How many tanks macframalama??


----------



## macframalama (Apr 17, 2012)

I've cut down pretty dramatically in the last few weeks dropped from 11-12 to like 5, but i may have to set another one up, I shut a bunch of smaller one down to start a new 120,


----------



## bugaboo433 (Jul 12, 2010)

Wow, 11-12, where did you keep them all? All Cichlids?


----------



## macframalama (Apr 17, 2012)

haha ahhh yeah breeding hybrids takes alot of space, and trying to piece together pairs, plus tanks for fry, and you get some that are just evil so they have solitary confinement , and i have my veiled flowerhorn in the big tank,
it spiraled out of hand fast but hey ... i can now safely pass the torch to acidfear... haha 
I still have some stuff to close out but I literally cant stop i keep seeing stuff and as fast as i shut em down i want a new one or a new species of this or that .. for like 3 hours today i had it in my head to set up an electric eel tank.. but im over that for now..


----------



## AcidFear (Aug 19, 2012)

macframalama said:


> haha ahhh yeah breeding hybrids takes alot of space, and trying to piece together pairs, plus tanks for fry, and you get some that are just evil so they have solitary confinement , and i have my veiled flowerhorn in the big tank,
> it spiraled out of hand fast but hey ... i can now safely pass the torch to acidfear... haha
> I still have some stuff to close out but I literally cant stop i keep seeing stuff and as fast as i shut em down i want a new one or a new species of this or that .. for like 3 hours today i had it in my head to set up an electric eel tank.. but im over that for now..
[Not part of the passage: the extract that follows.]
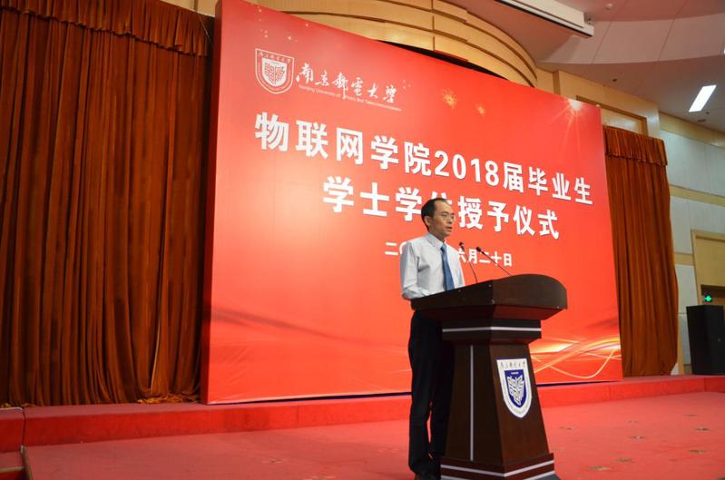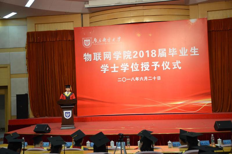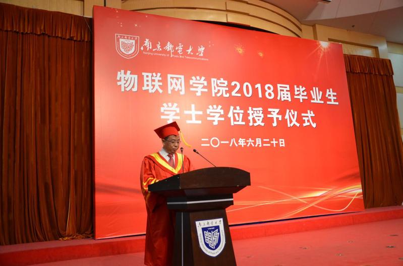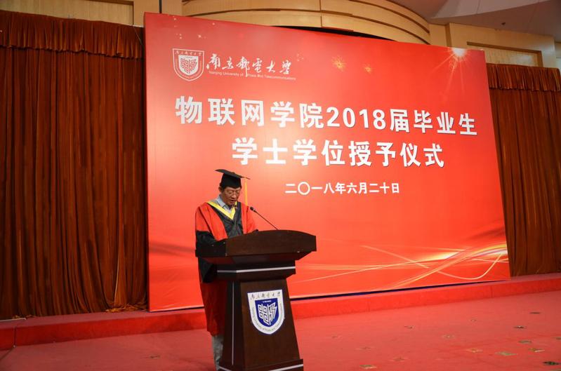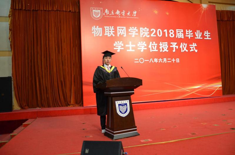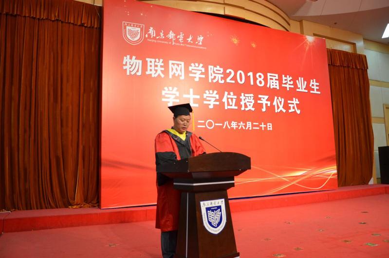 在庄严的国歌声中,学士学位授予仪式拉开序幕。李子全书记首辞,他代表公司对顺利完成学业的2018届毕业生表示最热烈的祝贺,肯定了毕业生四年来取得的成绩,殷切希望同学们在今后的人生道路上脚踏实地勇于担当,要不断学习、勇于创新,不断加强自身道德修养,敬业踏实,谦虚谨慎,戒骄戒躁,为物联网事业的发展做出贡献,成为对国家和民族有益的人。

 lol no more tanks for me im running out of room... if anything ill get rid of the 6.6 chi and get like a 10 or 20 gal but id be maxed out after that


----------



## macframalama (Apr 17, 2012)

thats what you say now , but wait til some of those hybrid fry grow out a bit lmao your gonna need somewhere for them, and besides after you see what im gonna bring in next your gonna want one too mu ha hahhahahaha ha........*clears throat* ha

its nice to see you are enjoying the fish thing rickie, its cool to see you enjoying the fish thing, and its nice to have someone local to nerd out with , and besides you have the gear now . thats the hard part... so the flood gate has already been opened.


----------



## rich16 (Mar 25, 2011)

Nice looking chi, I've always wanted one of those. Got a great spot for one as well...just need time to get it set up without the wife knowing. Easier to ask forgiveness than permission, right?


----------